X. huebneri individuals are very elusive and hard to come by, and most of what has been researched is still their physiology and trying to figure out where they fit into the Tree of Life. Basic information is available, such as them being nocturnal and generalist predators. The lack of knowledge of their life history creates the need for more research to understand this species of camel spiders. Community science is a major tool that can be useful for finding out more about this species.
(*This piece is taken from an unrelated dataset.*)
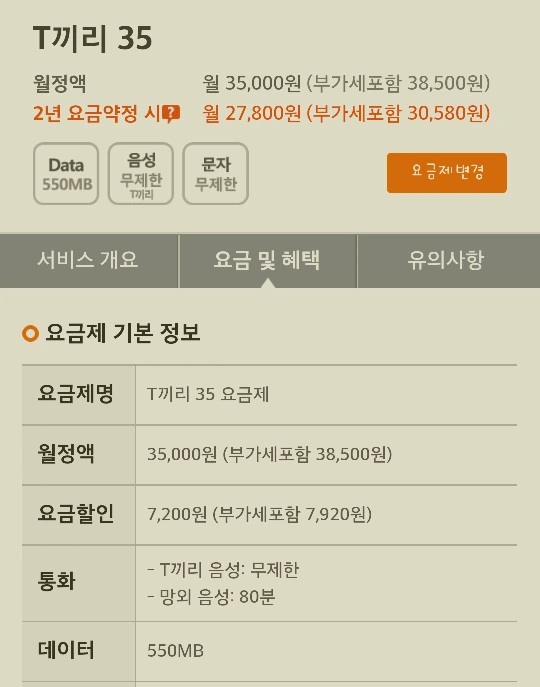 요금제를 변경 후 한 달이 되는 날, 다시 요금제를 바꿨다. 이번엔 LTE35 요금제로 바꿨다. 기본 데이터가 500메가였기 때문이었다. 200메가만 더 주어지고, 지인에게 1기가를 받으면 어떻게 알뜰하게 잘 써볼 수 있으리라 생각했다.

Some online databases have records of X. huebneri, including Global Biodiversity Information Facility, GBIF, which as of March 2024 has 9 occurrences recorded. iNaturalist is another community science website that has the opportunity to help advance research on Xenotrecha, however, only three observations seem to be recorded of this species on the entire platform, all of which are from Eduador. Ecuador is not currently a location that has been formally acknowledged as being within the range of Xenotrecha huebneri, highlighting the opportunities presented by community science.

== Genetic Information ==
No genetic information is currently publicly available for Xenotrecha huebneri. The National Center for Biotechnology Information's (NCBI) GenBank has no records of this species as of March 2024. Other genetic databases such as Genomenon also have no record of them. This is another gap in knowledge surrounding this species that needs to be filled in order to have a holoistic understanding of this species.
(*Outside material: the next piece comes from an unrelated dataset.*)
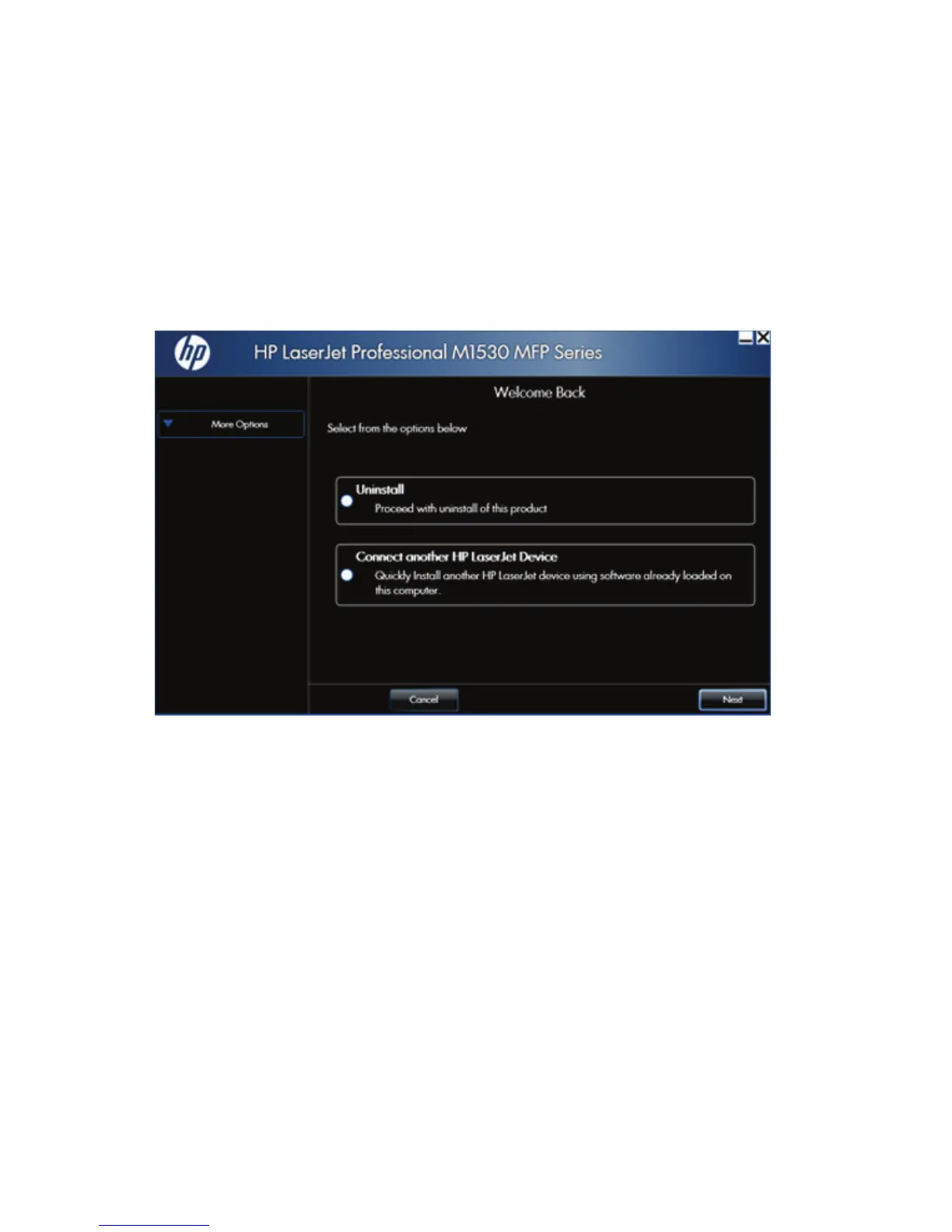 ● Connect another HP LaserJet Device. Click this option to quickly install another HP product

== Cultural & Ecological Importance ==
Many organisms that are not acknowledged as important in the scientific community are important to local people, especially indigenous people, and cultures. They can have a rich history within the local community but be widely overlooked by western science. A similar phenomenon occurs with organisms within their role in an ecological community. Many organisms, especially smaller and harder to find organisms such as Xenotrecha, are easily overlooked in favour of larger and more "interesting" organisms. It is important to acknowledge these biases when performing research as both a scientist and as a citizen. Xenotrecha's near invisibility within the scientific community and literature does not mean that local peoples are also relatively unaware of them. The same goes for their role in the ecosystem. People may not yet fully understand the role of this organism in the environment, but that does not mean that it can't play an important one. Knowledge gaps such as these make it even more critical for further research to be done, both within the scientific community and local communities. Although small in size, their impact on the ecosystem around them could be profound after accounting situations such as trophic cascades.